PROVIDED RECORDS:

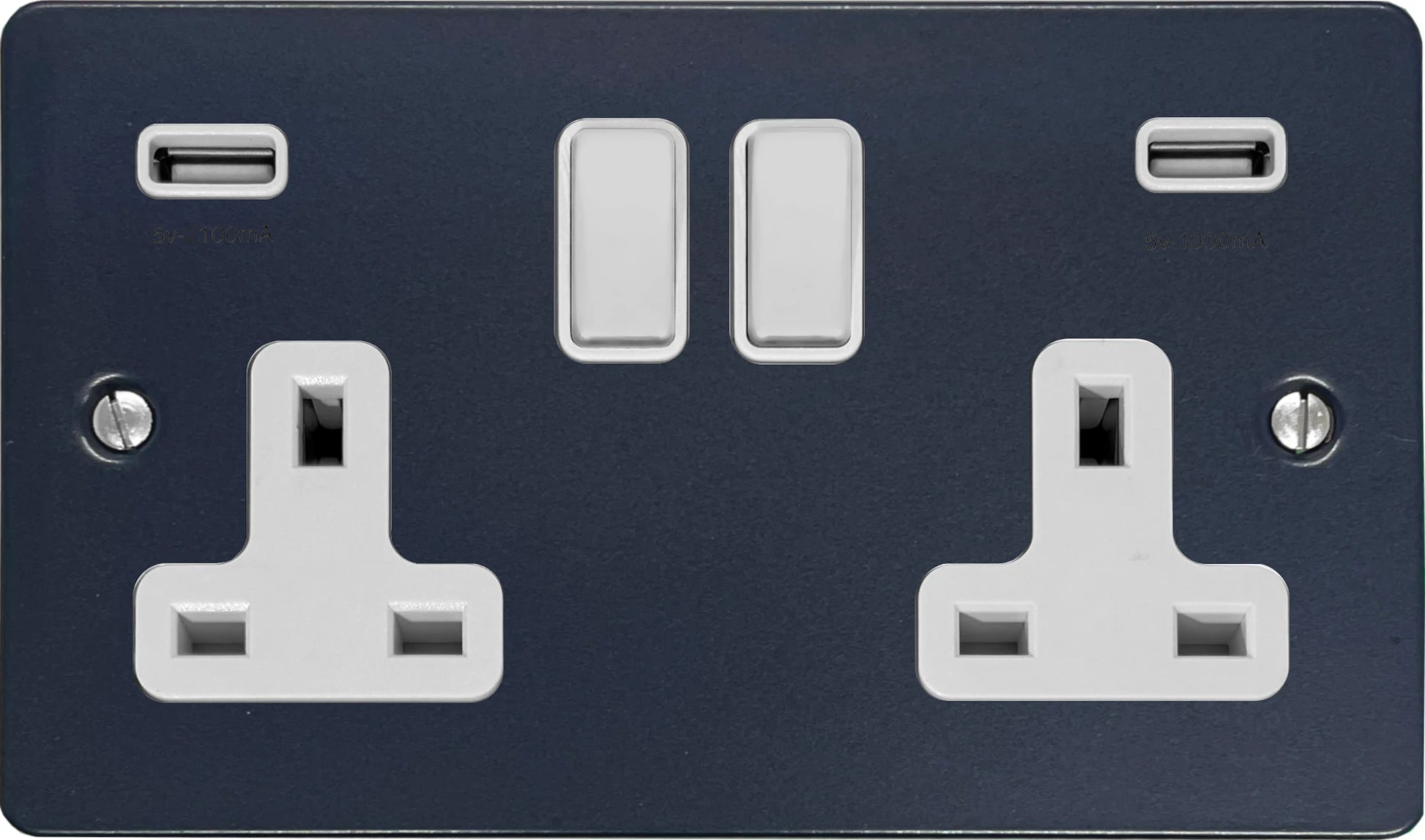 Flat Blue 2 Gang Socket with USB (White Switches)
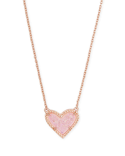 Kendra Scott Ari Heart Adjustable Length Pendant Necklace for Women, Fashion Jewelry, 14k Rose Gold-Plated, Pink Drusy
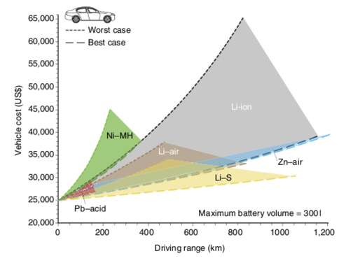 而且,在考虑进用以防御大气中二氧化碳以及水分的装置之后,锂-空气电池系统能量密度的最大预估值也只有 384 Wh/L(系统层级)。这实际上为锂-空气电池(相比于锂离子电池)大幅改良续航里程的能力上预设了一个体积能量密度的天花板(图6)。从另一个方面来看,它们较低的综合成本与较高的质量能量密度对于长途与低成本乘用电车而言还是很有吸引力的(图5)。然而不像锂-硫电池,锂-空气电池需要一种额外的高功率电池才能实际应用,因为它们的功率密度实在是太差了。
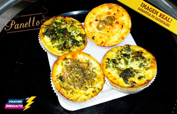 Como resistir? 4 Deliciosos Quiches de R$22 por R$10,90 no Café Panetto. Deleite-se com essa especialidade da cozinha francesa!
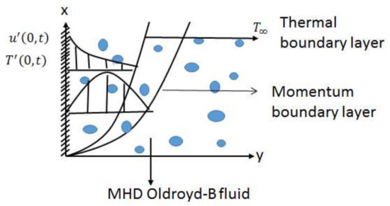 The unsteady, incompressible and MHD flow of Oldroyd-B fluid over an infinite vertical plate under the Boussinesq’s approximations can be described by the subsequent equations [27,28]. The Boussinesq’s approximations is used to find the buoyancy force [29].
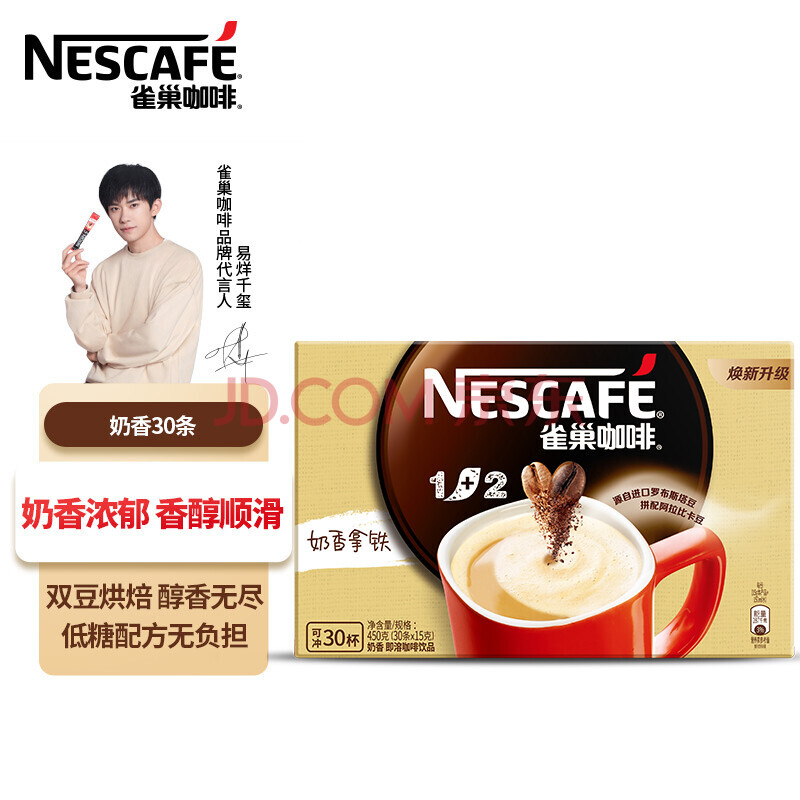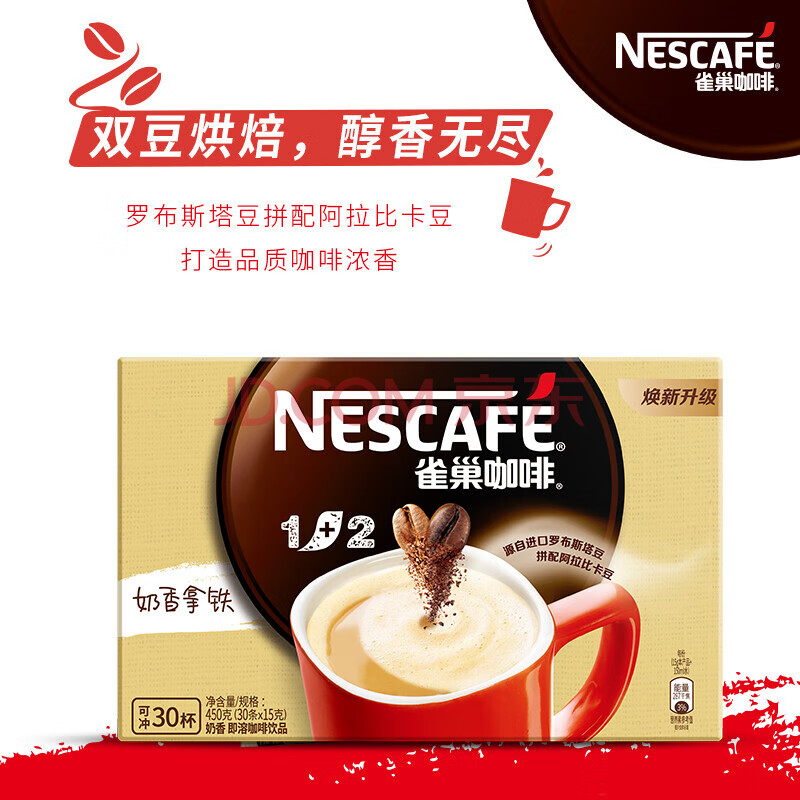 商品相册:雀巢1+2奶香速溶咖啡30条*15g/盒+川宁英式早餐茶25袋50g第

TASK DIRECTIONS: Leave out the pictures, and write out exactly the lines from the line containing "Kendra Scott Ari" through the end of the records above.

ANSWER FOR THE TASK:
 Kendra Scott Ari Heart Adjustable Length Pendant Necklace for Women, Fashion Jewelry, 14k Rose Gold-Plated, Pink Drusy
 而且,在考虑进用以防御大气中二氧化碳以及水分的装置之后,锂-空气电池系统能量密度的最大预估值也只有 384 Wh/L(系统层级)。这实际上为锂-空气电池(相比于锂离子电池)大幅改良续航里程的能力上预设了一个体积能量密度的天花板(图6)。从另一个方面来看,它们较低的综合成本与较高的质量能量密度对于长途与低成本乘用电车而言还是很有吸引力的(图5)。然而不像锂-硫电池,锂-空气电池需要一种额外的高功率电池才能实际应用,因为它们的功率密度实在是太差了。
 Como resistir? 4 Deliciosos Quiches de R$22 por R$10,90 no Café Panetto. Deleite-se com essa especialidade da cozinha francesa!
 The unsteady, incompressible and MHD flow of Oldroyd-B fluid over an infinite vertical plate under the Boussinesq’s approximations can be described by the subsequent equations [27,28]. The Boussinesq’s approximations is used to find the buoyancy force [29].
 商品相册:雀巢1+2奶香速溶咖啡30条*15g/盒+川宁英式早餐茶25袋50g第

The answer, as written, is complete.